Joan had risen from her seat. Her face was alight with a hope that had not been there for many days. The man's words had taken hold of her. Her troubled mind could not withstand them. He had inspired her with a feeling of security she had not known for weeks. Her tears were no longer tears of despair. They were tears of thankfulness and hope. But when she spoke her words seemed utterly bald and meaningless to express the wave of gratitude that flooded her heart.

"I will; I will," she cried with glistening eyes. "Oh, Padre!" she went on, with happy impulse, "you don't know what you've done for me--you don't know----"

"Then, child, do something for me." The man was smiling gravely down into the bright, upturned face. "You must not live alone down there at the farm. It is not good in a child so young as you. Get some relative to come and share your home with you."
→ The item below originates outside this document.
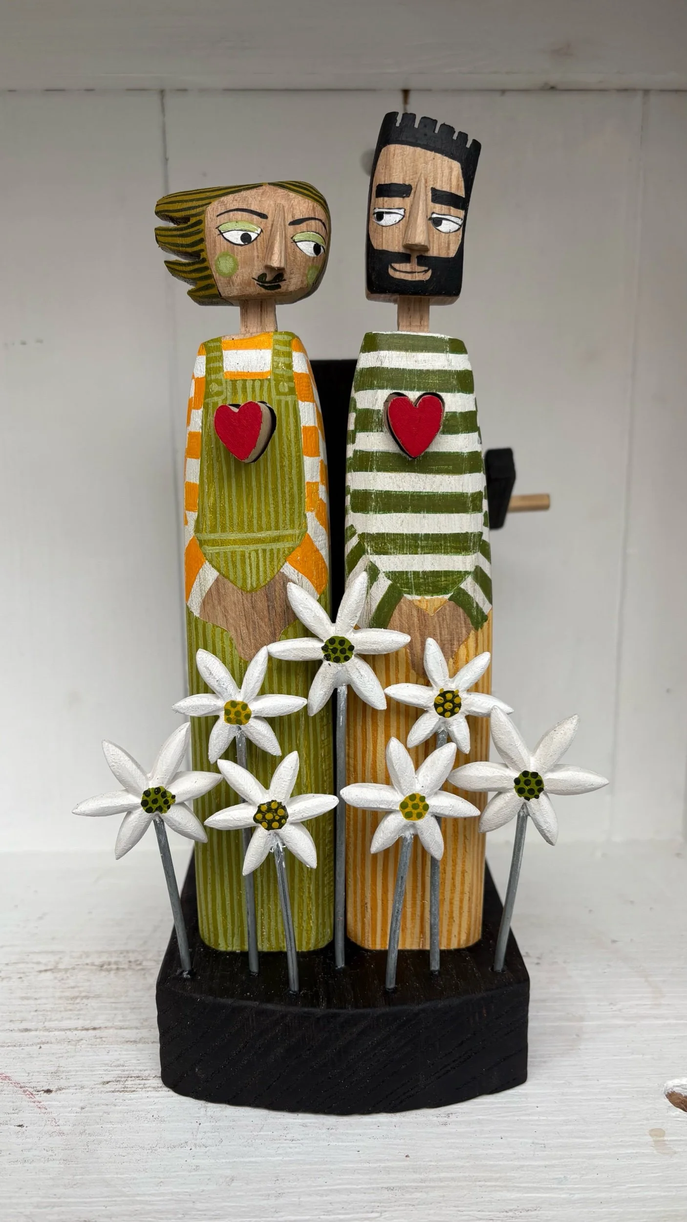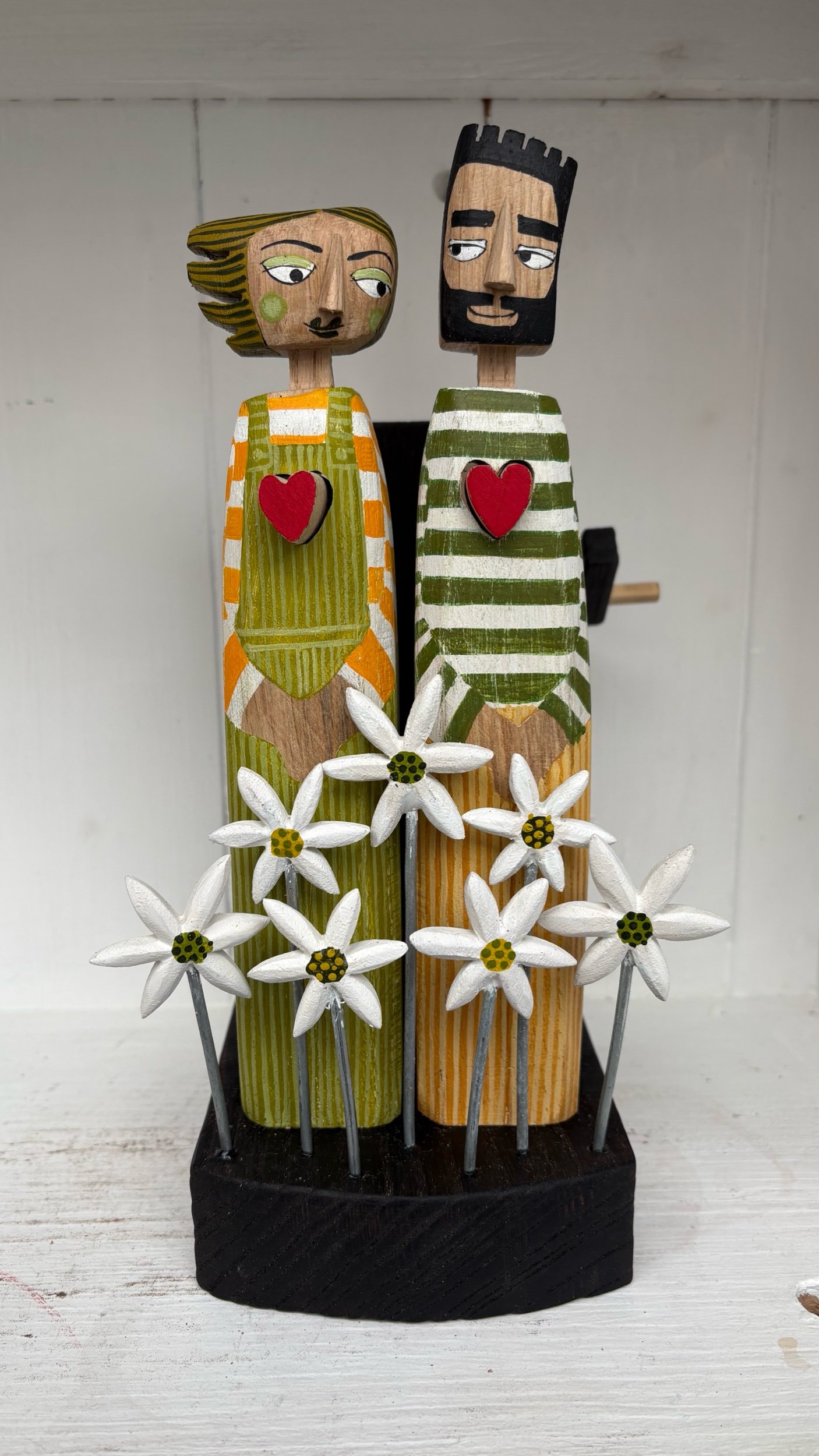 When the handle is turned the hearts in the carved snd painted figures beat in and out. Hand made by Jane and Ralph in oak in far West Cornwall. 26cm tall

"But I have no one--except my Aunt Mercy."

"Ah!"

"You see she is my only relative. But--but I think she would come if I asked her."

"Then ask her."

* * * * * The Padre was sitting in the chair that Joan had occupied. He too was bending over the stove with his hands outstretched to the warming blaze. Perhaps he too was feeling the nip of the mountain air. Feeling it more than usual to-night. Buck was sitting on the edge of the table close by. He had just returned from taking Joan back to the farm.

The young man's journey home had been made in a condition of mental exhilaration which left him quite unconscious of all time and distance. The change wrought in Joan had been magical, and Cæsar, for once in his life, felt the sharp spur of impatience in the man's eager desire to reach his friend and speak something of the gratitude he felt.

But habit was strong upon Buck, and his gratitude found no outlet in words when the moment came. Far from it. On his arrival he found the Padre sitting at their fireside without even the most ordinary welcome on his lips. A matter so unusual that it found Buck dumb, waiting for the lead to come, as he knew it inevitably would, in the Padre's own good time.

It took longer than he expected, however, and it was not until he had prepared their frugal supper that the elder man stirred from his moody contemplation of the fire.

He looked up, and a smile struggled painfully into his eyes.

"Hungry, Buck?" he inquired.

"So!"

"Ah! then sit right down here, boy, an' light your pipe. There's things I want to say--first."